- Born: August 21, 1976 (age 50) Perth Amboy, New Jersey, U.S.
- Education: Eckerd College Emerson College
- Writing career
- Genres: Novel, Poetry, Essay
- Website: nicorvo.net

= Jay Baron Nicorvo =

American novelist, poet, and essayist

Jay Baron Nicorvo (born August 21, 1976) is an American novelist, poet, and essayist.

==Life==
Nicorvo was born in Perth Amboy, NJ and was raised in Sarasota, FL. He's married to the writer Thisbe Nissen and they live on an old farm outside Battle Creek, MI.

===Career===
Nicorvo's writing has appeared in Poets & Writers, The Baffler, Ploughshares, and Salon (website). His poetry has been featured on PBS NewsHour.

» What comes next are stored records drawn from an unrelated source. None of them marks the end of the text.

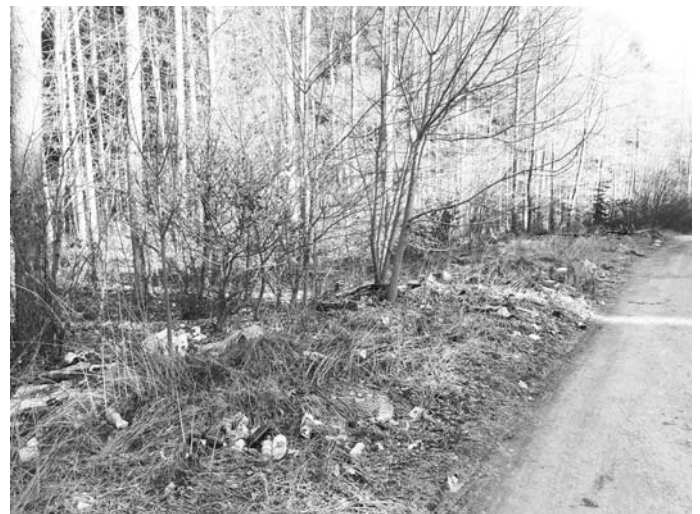
Ob neben Altglascontainern, im Wald oder am Straßenrand: Wild entsorgter Müll kostet den Landkreis nicht nur viel Geld, sondern kann zum Beispiel für Tiere auch schnell zur tödlichen Falle werden.

Wer selbst illegale Müllablagerungen entdeckt hat, kann sich an das Ordnungsamt der jeweiligen Gemeinde wenden. Hinweise auf wilden Müll außerhalb bebauter Ortsteile nehmen die Polizei, die Kreisabfallwirtschaft und die Internetrechtsbehörde des Landratsamts entgegen. Werden die Täter ermittelt, droht ihnen ein Bußgeld von bis zu 100.000 Euro.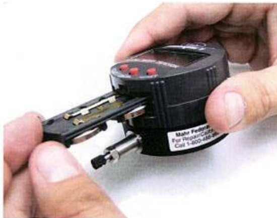
Abbildung 5: Herausziehen des Batterieeinschubs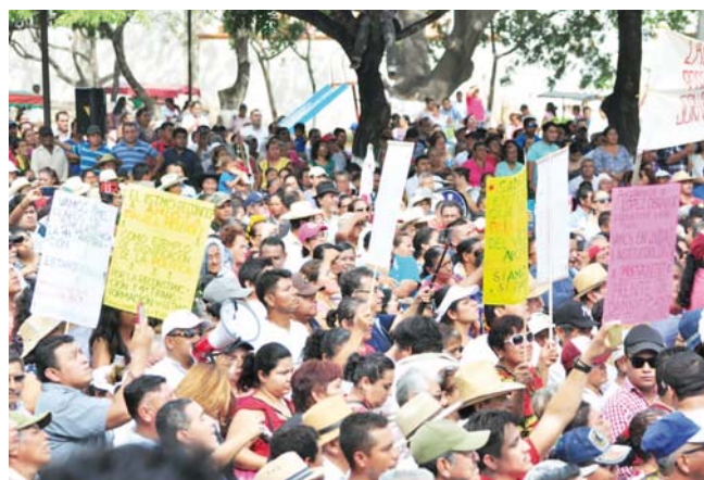
► Quienes acudieron al evento portaban pancartas pidiendo ayuda para la reconstrucción y mensajes para Obrador.

Los recursos, dice, deben ser obras de desarrollo como la ruta transístmica, a la que invertirá mil 100 millones de pesos; la pavimentación de caminos de acceso a comunidades, con 2 mil 231 millones de pesos.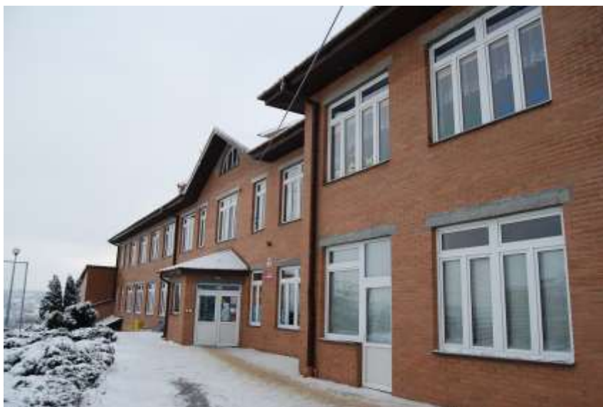
Zdjęcie 42: Szkoła Podstawowa w Dziurówie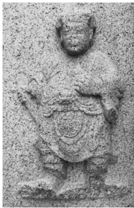
墙上石雕古朴生动

石楼一、二层没有窗门,只有三层有。三层上的糯米糖水灰墙壁,四面各设有三个大小不一的窗门,可以做射击枪孔,这些都是三重窗,也可以防火。沿着石砌的台阶,记者一步步走上三层,穿过走廊,走进碉堡,里面的空间可容得下四个人,射击孔里大外小,里面的人可以射击来犯的强盗,而外面射击的子弹很难伤到里面的人。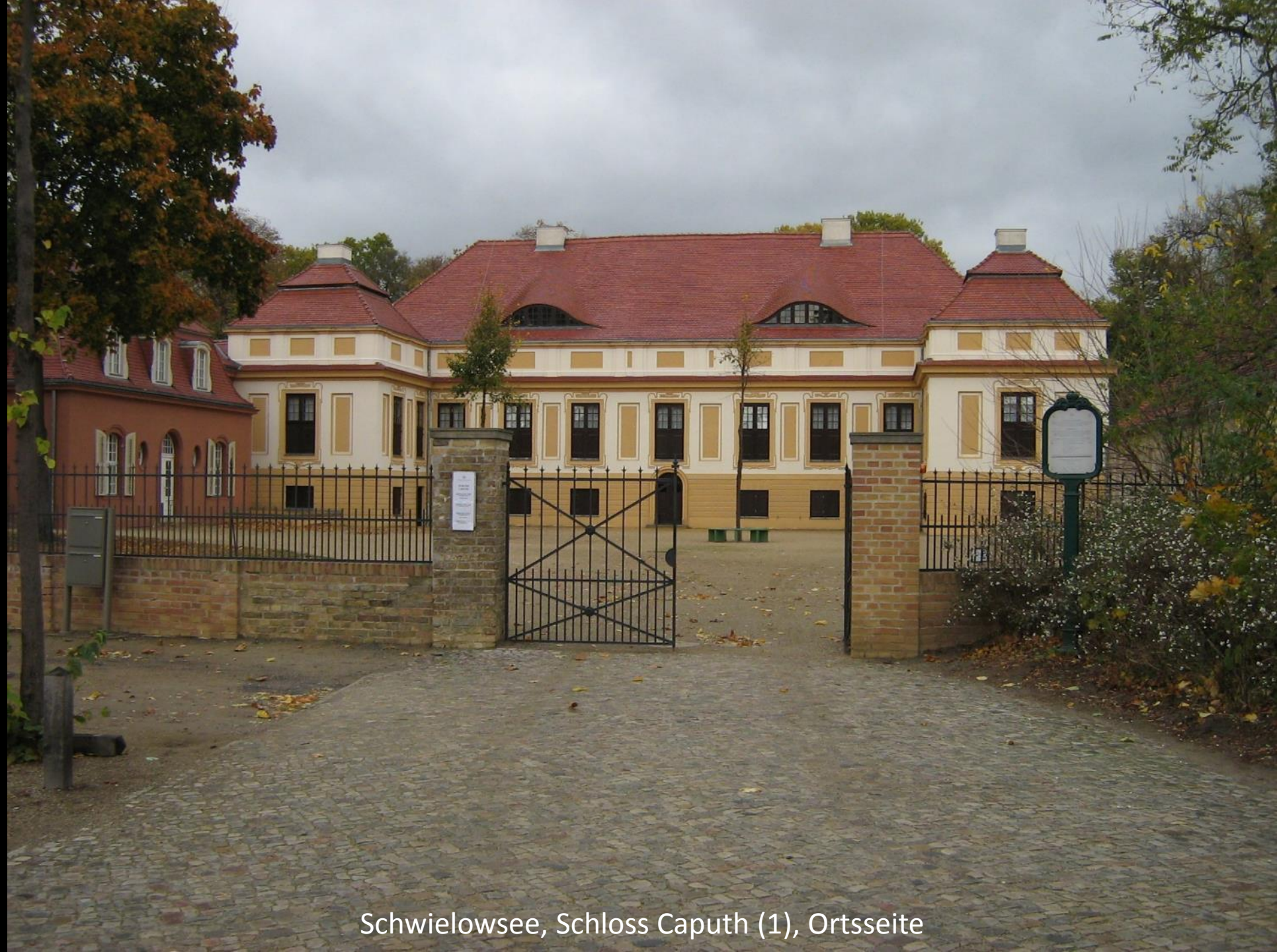
Schwielowsee, Schloss Caputh (1), Ortsseite

Nicorvo's first novel, The Standard Grand, was published in 2017 by St. Martin’s Press. It is about a group of veterans, traumatized by their wartime experiences, who meet in a crumbling resort in the Catskill Mountains.

===Books===
- Deadbeat: Poems. Four Way Books (2012) ISBN 978-1935536239. Deadbeat debuted on the Poetry Foundation bestseller list.
- The Standard Grand: A Novel. St. Martin's Press (2017) ISBN 978-1250108944.The Standard Grand was picked for IndieBound's Indie Next List, Library Journal's Debut Novels Great First Acts, Poets & Writers's "New and Noteworthy," and was named a best book of the year by The Brooklyn Rail.